#### Supplied records

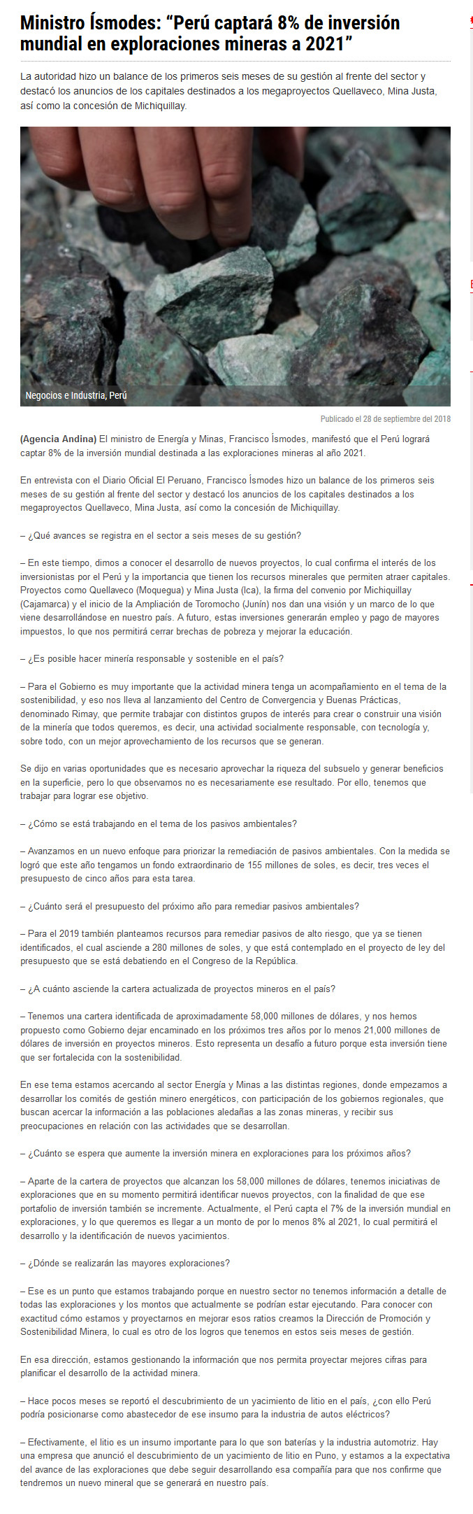 Perú captará el 8% de la inversión mundial en exploración minera al 2021 - (americaeconomia online)
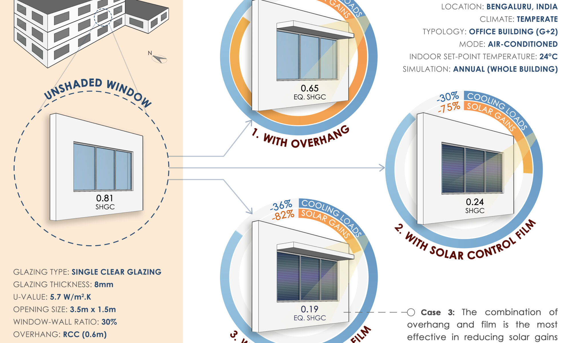 What is the impact of Different glazing SHGC on Cooling loads, Solar gains and cost of material for an office building in composite climate??
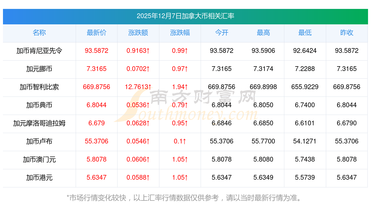 根据2025年12月7日汇率,加拿大币兑换人民币汇率最新价5.117500,今开价5.1175,昨收价5.1175,最高价5.1177,最低价5.0653。
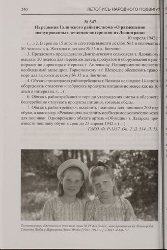 Из решения Галичского райисполкома «О размещении эвакуированных детдомов-интернатов из Ленинграда». 10 апреля 1942 г. // ГАКО. Ф. Р-1137. Оп. 2. Д. 514. Л. 13.
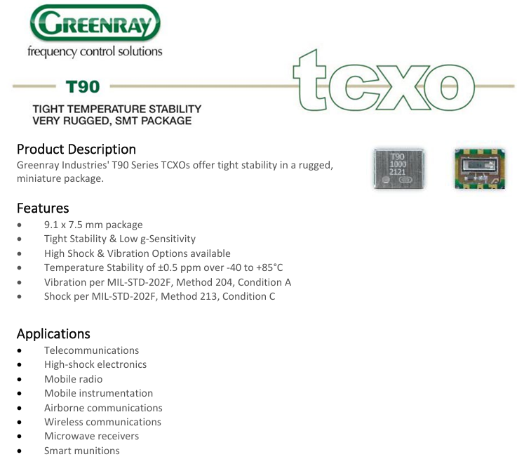 更多>>Greenray晶振T90系列TCXO發(fā)揮著關(guān)鍵作用
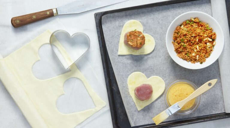 *en lugar de cortar formas de corazón, puedes cortar 12 rectángulos, así aprovechas mejor el rollo de masa de hojaldre.
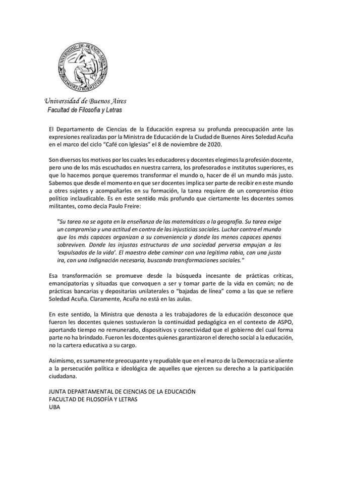 Frente a las estigmatizantes declaraciones emitidas por Soledad Acuña, Ministra de Educación de CABA; diversas Organizaciones y entidades expresaron sus más sentidas muestras de apoyo a la Educación Pública y en absoluto repudio a tales expresiones.
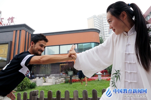 喜爱中国武术的外国球员,在驻地与太极拳师比拼推力。
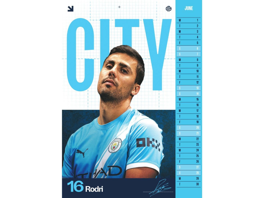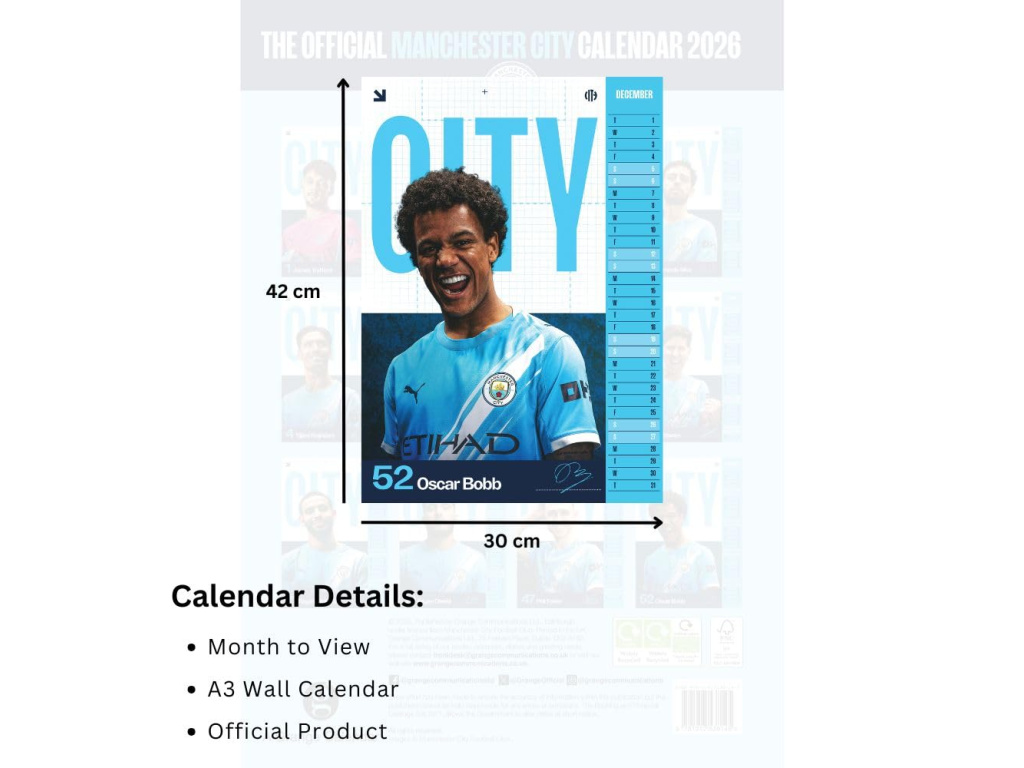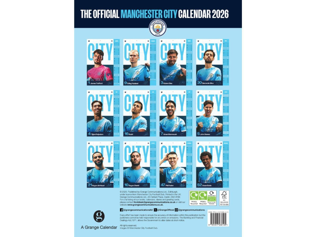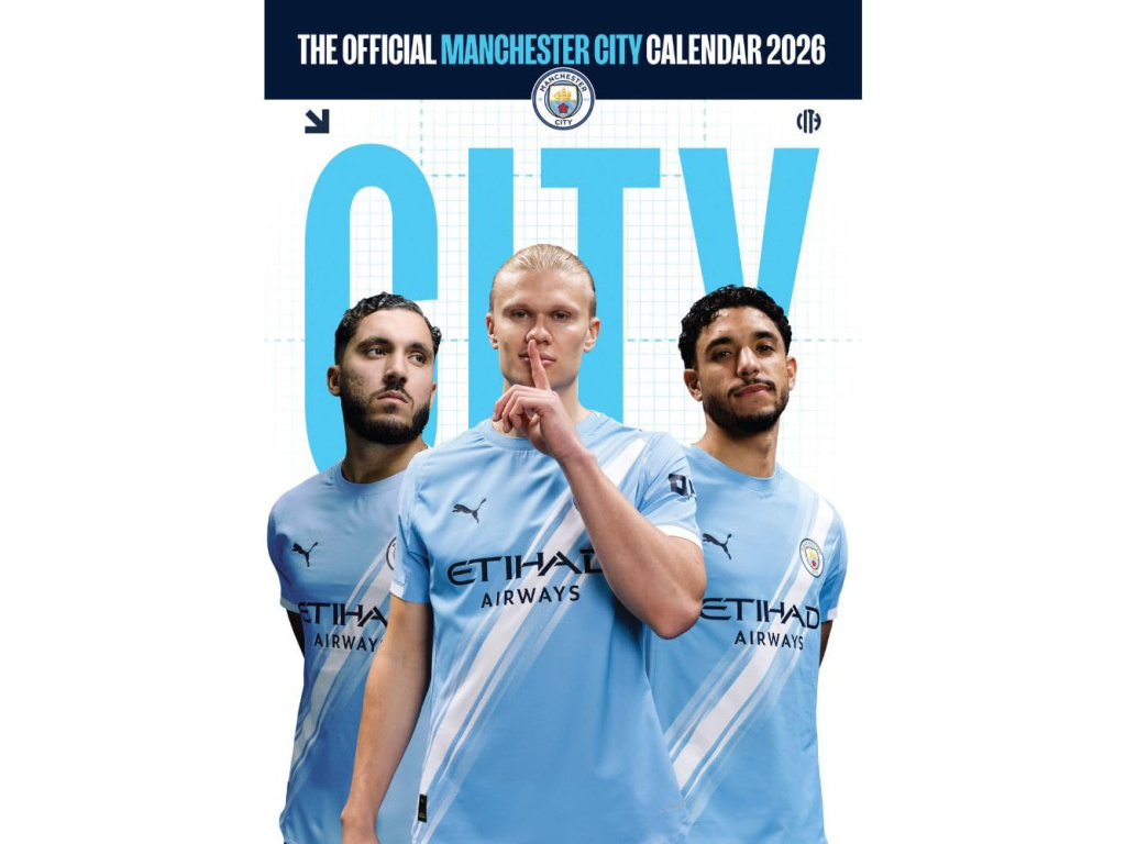 Nástěnný kalendář Manchester City FC 2026 v rozměru A3 potěší každého fanouška. Velké fotografie hráčů doplňuje přehledné kalendárium v bočním sloupci. Data jsou dobře čitelná i z větší dálky. Světle modré klubové barvy a znak na titulní straně. Hodí se do pracovny, pokojíku i fanouškovského koutku.

########

What you should do |
What is needed is an exact printout of every record above, with the pictures left out.

Solution to this exercise |
 Perú captará el 8% de la inversión mundial en exploración minera al 2021 - (americaeconomia online)
 What is the impact of Different glazing SHGC on Cooling loads, Solar gains and cost of material for an office building in composite climate??
 根据2025年12月7日汇率,加拿大币兑换人民币汇率最新价5.117500,今开价5.1175,昨收价5.1175,最高价5.1177,最低价5.0653。
 Из решения Галичского райисполкома «О размещении эвакуированных детдомов-интернатов из Ленинграда». 10 апреля 1942 г. // ГАКО. Ф. Р-1137. Оп. 2. Д. 514. Л. 13.
 更多>>Greenray晶振T90系列TCXO發(fā)揮著關(guān)鍵作用
 *en lugar de cortar formas de corazón, puedes cortar 12 rectángulos, así aprovechas mejor el rollo de masa de hojaldre.
 Frente a las estigmatizantes declaraciones emitidas por Soledad Acuña, Ministra de Educación de CABA; diversas Organizaciones y entidades expresaron sus más sentidas muestras de apoyo a la Educación Pública y en absoluto repudio a tales expresiones.
 喜爱中国武术的外国球员,在驻地与太极拳师比拼推力。
 Nástěnný kalendář Manchester City FC 2026 v rozměru A3 potěší každého fanouška. Velké fotografie hráčů doplňuje přehledné kalendárium v bočním sloupci. Data jsou dobře čitelná i z větší dálky. Světle modré klubové barvy a znak na titulní straně. Hodí se do pracovny, pokojíku i fanouškovského koutku.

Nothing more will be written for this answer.